# Usb Festplatte wird nicht mehr erkannt



## depechemode (11. Januar 2005)

Hallo ich habe mir vor 2 Monate eine USB 2.0 Festplatte gekauft 
Bisher war auch alles ok bis auf gesten ich hatte sie wider an meinen PC Angschlussen und sie urde nicht mher erkannt.
Allerdings kann ist die Platte nicht kaput weil ich sie noch einen anderen System getestet habe.

Fehlermeldung







Mein Problem System 
Win XP Pro Sp2 USB 2.0
Ich bin wie folg vorgegannen um das Problem zulösen 

1. Deinstal der alten USB Treiber 
2. Treiber für Usb neu istalliert. (Kein Neues Ergebnis)
3. Testen der Fest platte an meinen Notebook 
System 
Win XP Home Sp2 USB 2.0


Und Jetzt weis ich nicht mehr weiter was ich noch machen kann !

Ich erbitte um Hilfe


----------



## TobGod (11. Januar 2005)

Genau das gleiche hatte ich mal bei meinem USB-Stick.

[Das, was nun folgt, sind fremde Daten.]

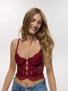 Biustonosz o formie gorsetu, wykonany z koronki.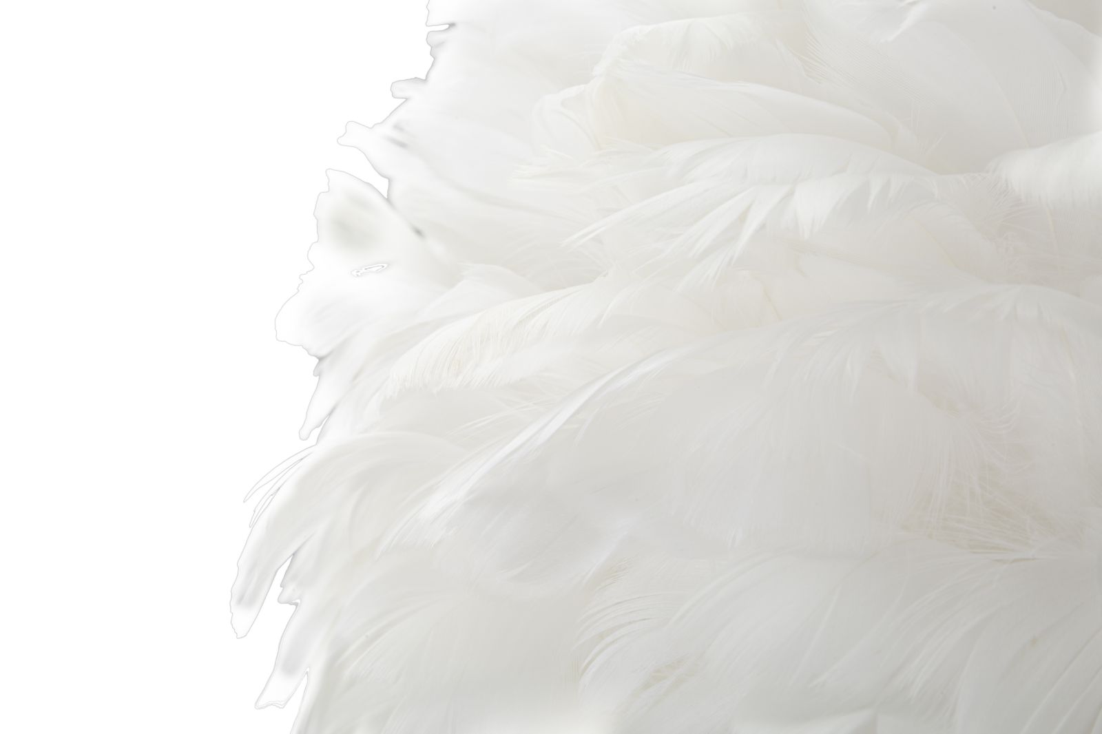 descrizione : GLAMIRON AND FABRICGOLD AND WHITEPIANTANA IN METALLO DORATO CON ELEGANTE DECORAZIONE MORBIDA E SINUOSA COMPLETA DI PARALUME COMPOSTO DA PIUME.220V50HZ40 WATT MAXE271NOshade size cm Ø 31X50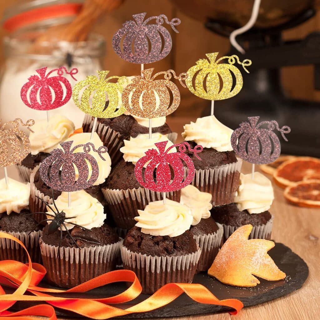 Pretty Up Cupcakes with Glittering Pumpkin Toppers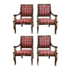 Early 20th Century Empire Brass Sphinx + Wood Arm Chairs – Set of Four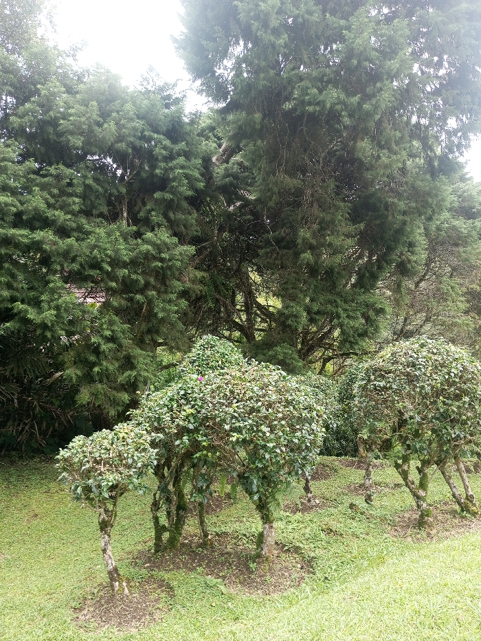 The scene depicts a vegetated outdoor area in Kanand, India. In the foreground, a grassy slope is visible, interspersed with patches of exposed brown soil. Several small, cultivated shrubs with visible, moss-covered trunks and dense green foliage are present, appearing to be shaped or pruned. One shrub in the central foreground exhibits a single small pink bloom. The midground and background are dominated by a dense array of numerous large evergreen trees with thick, dark green canopies and visible branches. The upper portion of the image shows an overcast, light-colored sky partially obscured by the tree line. No people, animals, or explicit actions are observed within the frame.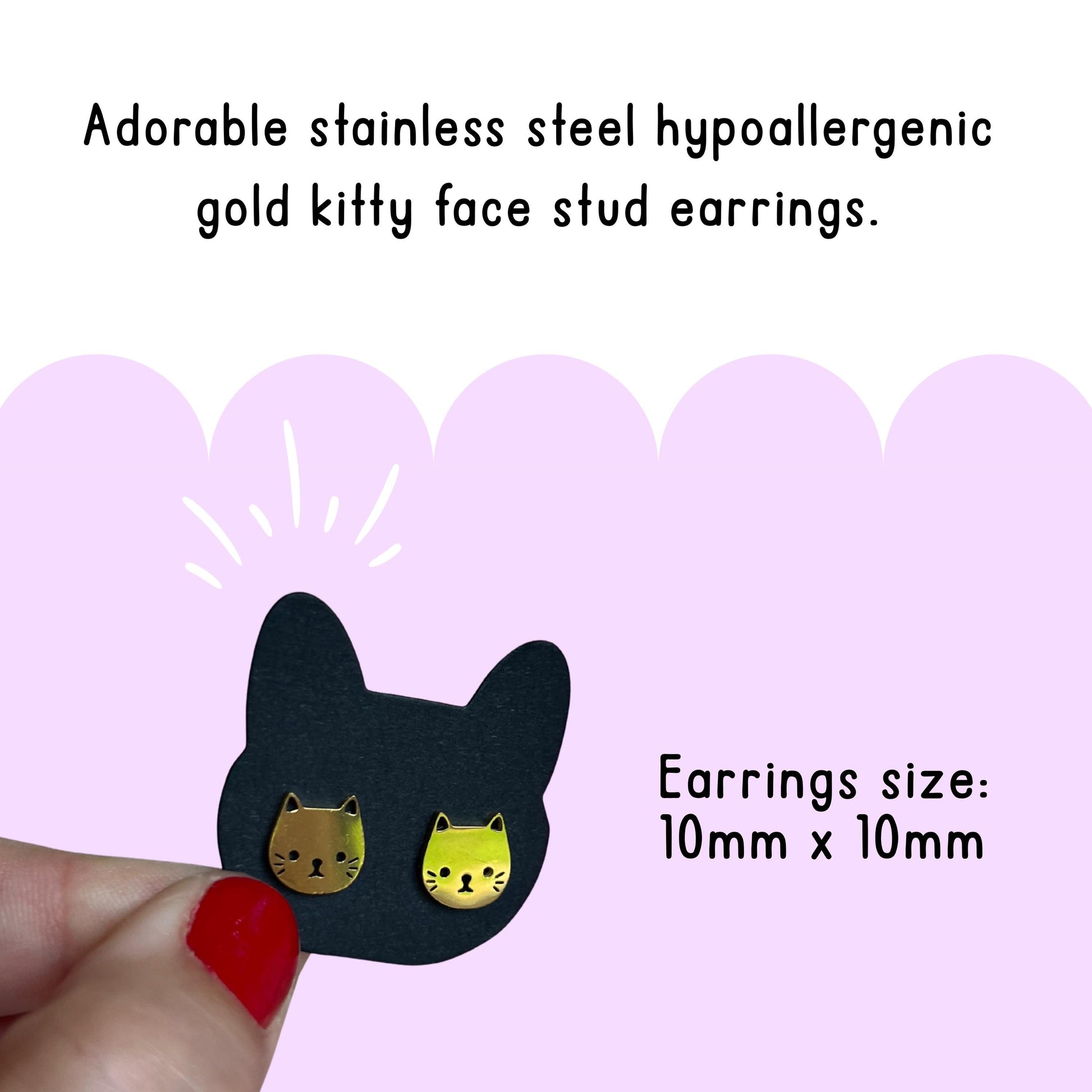- Gold cat earrings - stainless steel, hypoallergenic, 10mmx10mm studs.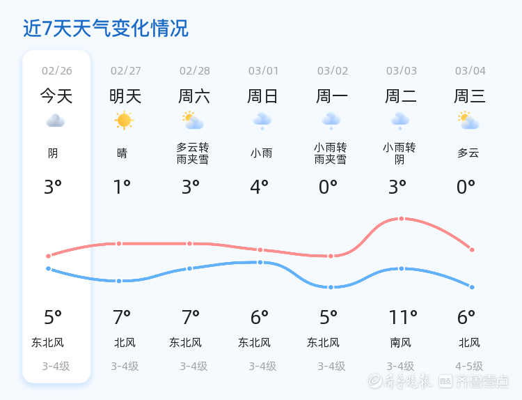 今天是2月26日,星期四,农历正月初十。烟台市迎来阴天,气温较为温和,最高气温5℃,最低气温3℃,当前温度为2.6℃,东北风1级,空气湿度63%,PM2.5指数为83。各区天气情况基本一致,均为阴天,风力较小,适合市民户外活动。不过,市民仍需注意保暖,以防感冒。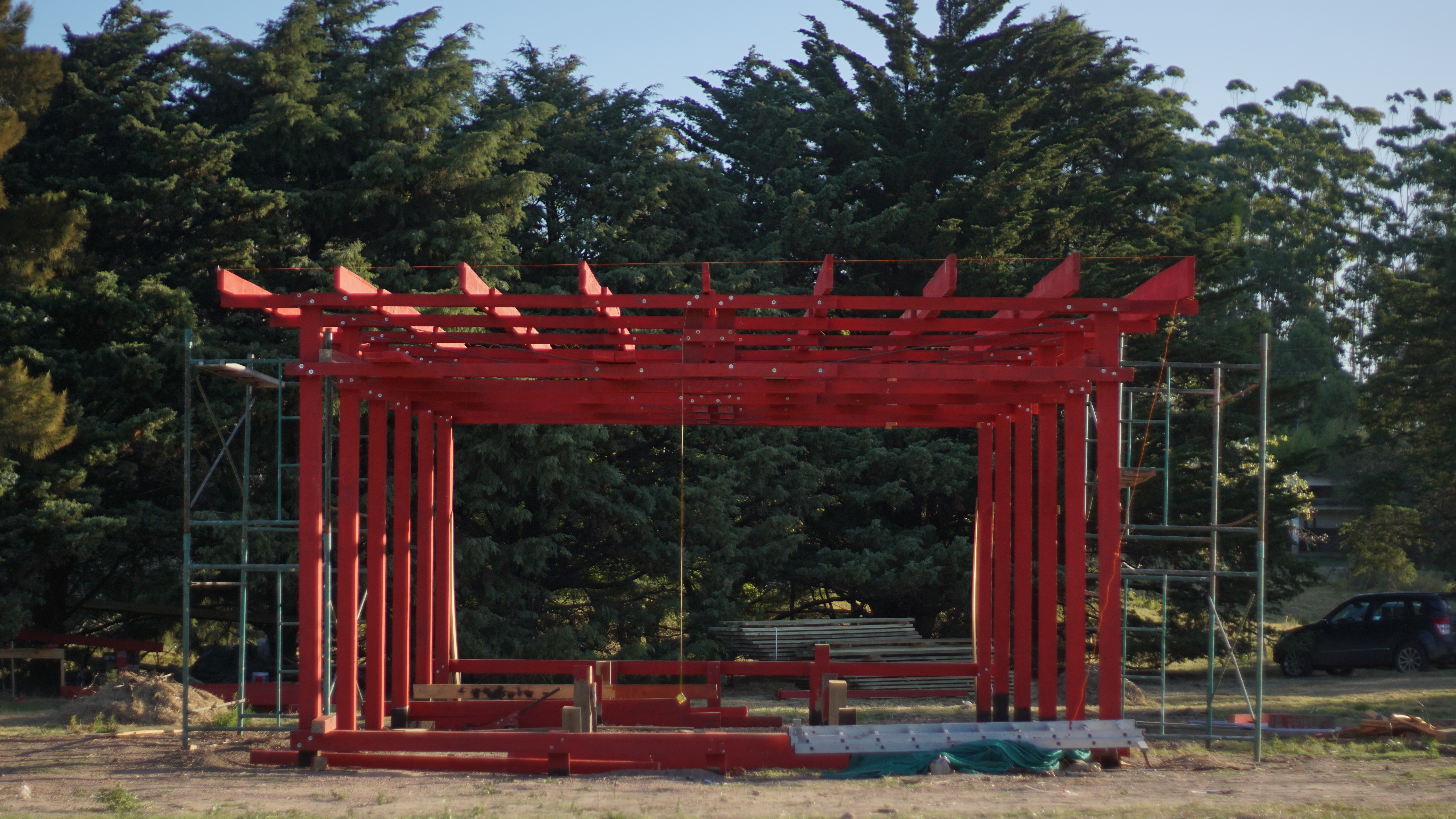Más adelante en el tiempo, en la segunda etapa, se añade el encargo de un programa acondicionado que, como refugio, incluye un gran espacio polivalente con servicios básicos de baño y cocina. Se lleva adelante una estructura de paneles de madera prefabricados que definen un volumen rectangular apoyado en la plataforma roja. Los laterales más extensos y perpendiculares a los pórticos son revestidos en chapa, y en algunos puntos el revestimiento toma el material del policarbonato para permitir mayor ingreso de luz, y mantener una relación con el entorno.

Vor 5min. hat's noch geklappt, dann ging es auf einmal nicht mehr. Ich habe einfach den Rechner neugestartet und nochmal probiert, dann ging's wíeder   Vielleicht schaust du mal, ob die Kontakte vielleicht verstaubt bzw. verdreckt sind ?


----------



## depechemode (12. Januar 2005)

Das ist es Leieder nicht den ich habe 4 USB Ports und auf allen gehts nicht


----------